Index: linux-2.6-ozlabs/arch/powerpc/include/asm/paca.h
===================================================================
--- linux-2.6-ozlabs.orig/arch/powerpc/include/asm/paca.h
+++ linux-2.6-ozlabs/arch/powerpc/include/asm/paca.h
@@ -82,6 +82,7 @@  struct paca_struct {
 	s16 hw_cpu_id;			/* Physical processor number */
 	u8 cpu_start;			/* At startup, processor spins until */
 					/* this becomes non-zero. */
+	u8 kexec_irqs_off;		/* set when kexec down has irqs off */
 #ifdef CONFIG_PPC_STD_MMU_64
 	struct slb_shadow *slb_shadow_ptr;
 
Index: linux-2.6-ozlabs/arch/powerpc/kernel/machine_kexec_64.c
===================================================================
--- linux-2.6-ozlabs.orig/arch/powerpc/kernel/machine_kexec_64.c
+++ linux-2.6-ozlabs/arch/powerpc/kernel/machine_kexec_64.c
@@ -155,16 +155,23 @@  void kexec_copy_flush(struct kimage *ima
 
 #ifdef CONFIG_SMP
 
-/* FIXME: we should schedule this function to be called on all cpus based
- * on calling the interrupts, but we would like to call it off irq level
- * so that the interrupt controller is clean.
- */
+static int kexec_all_irq_disabled = 0;
+
 static void kexec_smp_down(void *arg)
 {
+	local_irq_disable();
+	mb(); /* make sure our irqs are disabled before we say they are */
+	get_paca()->kexec_irqs_off = 1;
+	while(kexec_all_irq_disabled == 0)
+		cpu_relax();
+	mb(); /* make sure all irqs are disabled before this */
+	/*
+	 * Now every CPU has IRQs off, we can clear out any pending
+	 * IPIs and be sure that no more will come in after this.
+	 */
 	if (ppc_md.kexec_cpu_down)
 		ppc_md.kexec_cpu_down(0, 1);
 
-	local_irq_disable();
 	kexec_smp_wait();
 	/* NOTREACHED */
 }
@@ -174,14 +181,17 @@  static void kexec_prepare_cpus(void)
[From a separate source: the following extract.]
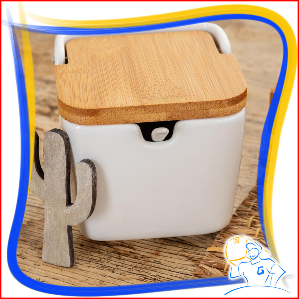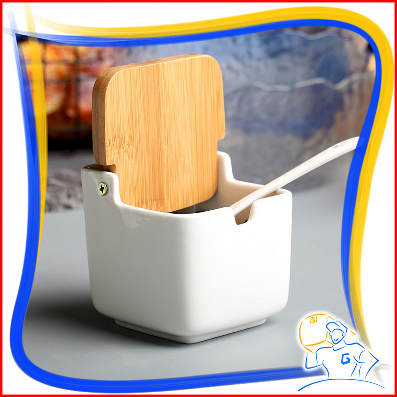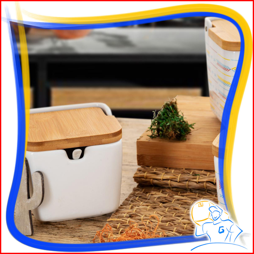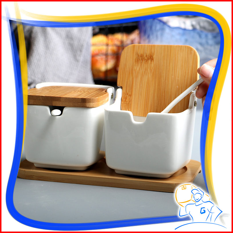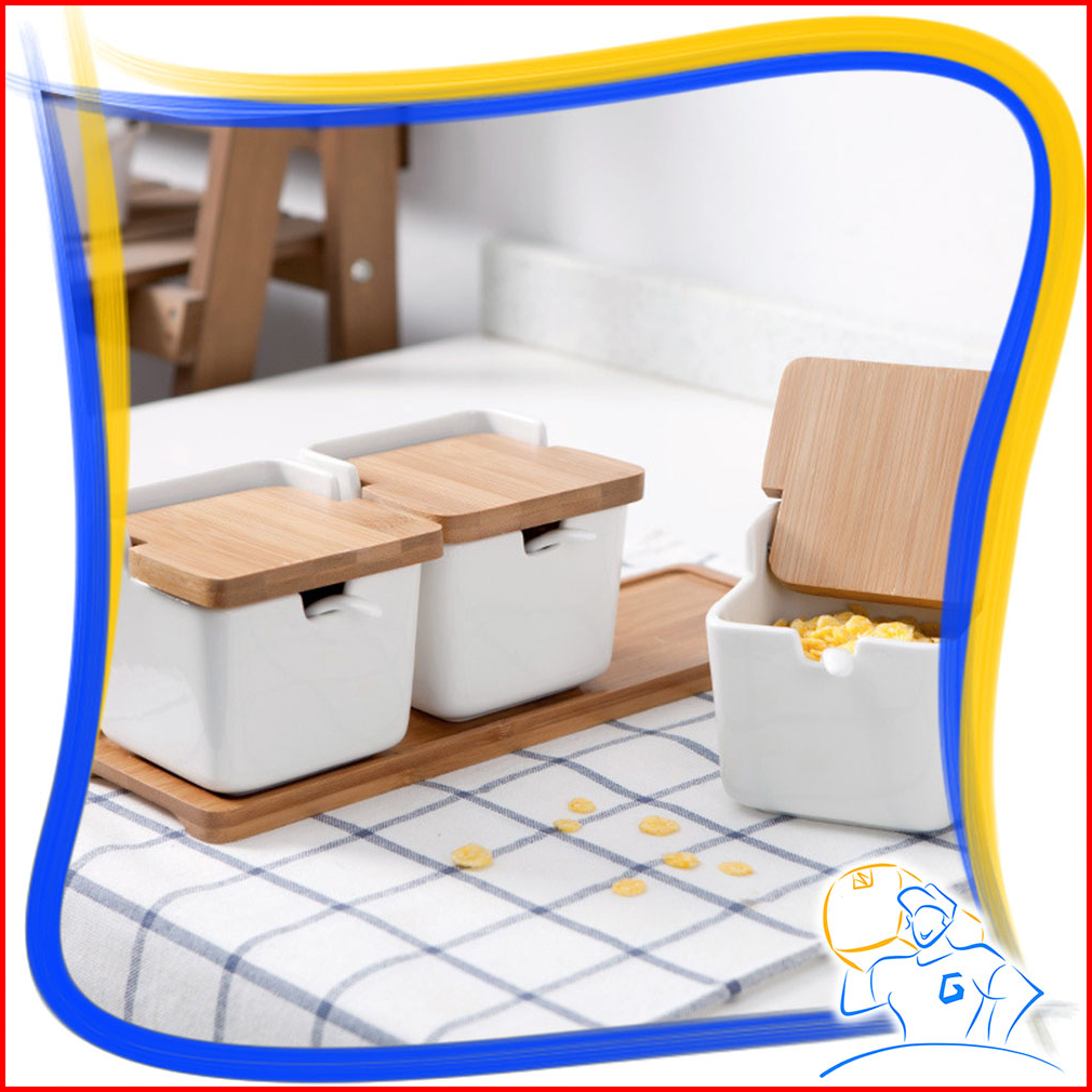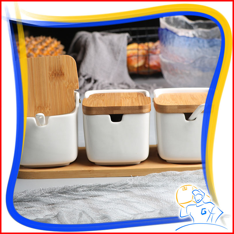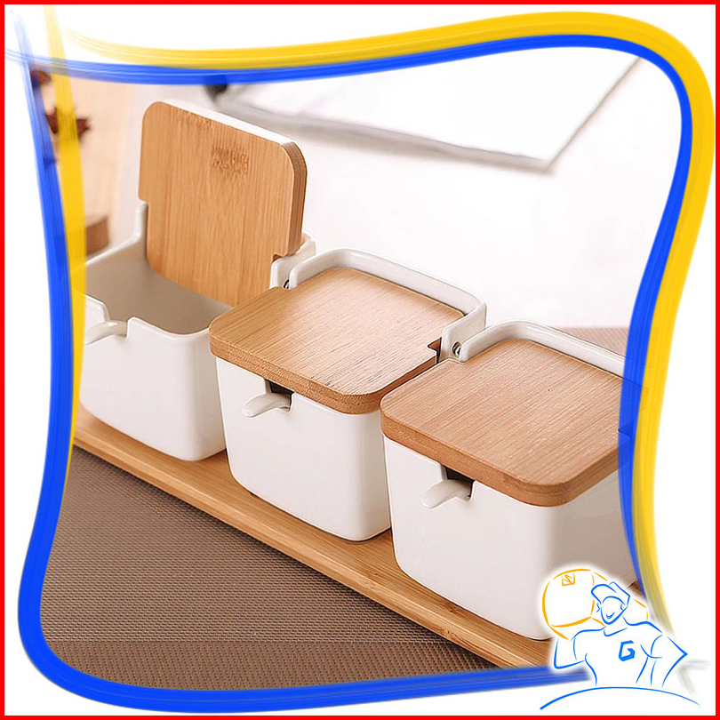 3 In 1 Set Tempat Bumbu Dapur Keramik Kotak Alas Kayu Aesthetic
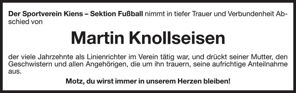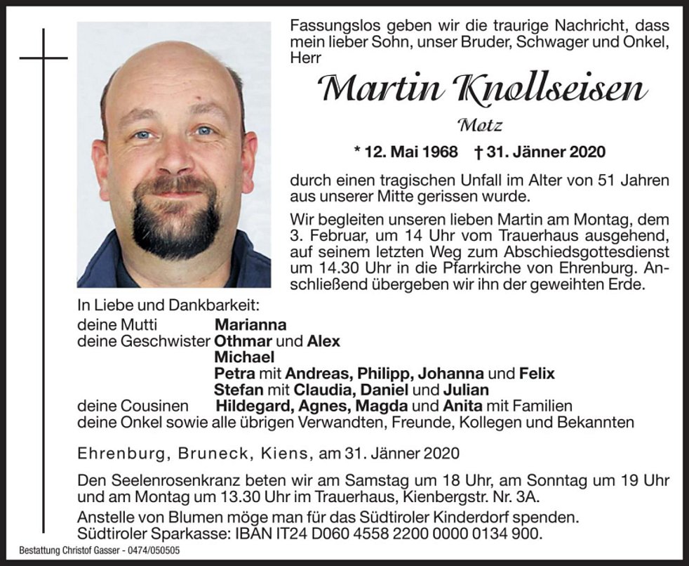 Wir begleiten unseren lieben Martin am Montag, dem 3. Februar, um 14 Uhr vom Trauerhaus ausgehend, auf seinem letzten Weg zum Abschiedsgottesdienst um 14.30 Uhr in die Pfarrkirche von Ehrenburg. Anschließend übergeben wir ihn der geweihten Erde.

 	int my_cpu, i, notified=-1;
 
 	smp_call_function(kexec_smp_down, NULL, /* wait */0);
+	local_irq_disable();
+	mb(); /* make sure IRQs are disabled before we say they are */
+	get_paca()->kexec_irqs_off = 1;
 	my_cpu = get_cpu();
 
-	/* check the others cpus are now down (via paca hw cpu id == -1) */
+	/* check the others cpus are now down (via paca kexec_irqs_off == 1) */
 	for (i=0; i < NR_CPUS; i++) {
 		if (i == my_cpu)
 			continue;
 
-		while (paca[i].hw_cpu_id != -1) {
+		while (paca[i].kexec_irqs_off != 1) {
 			barrier();
 			if (!cpu_possible(i)) {
 				printk("kexec: cpu %d hw_cpu_id %d is not"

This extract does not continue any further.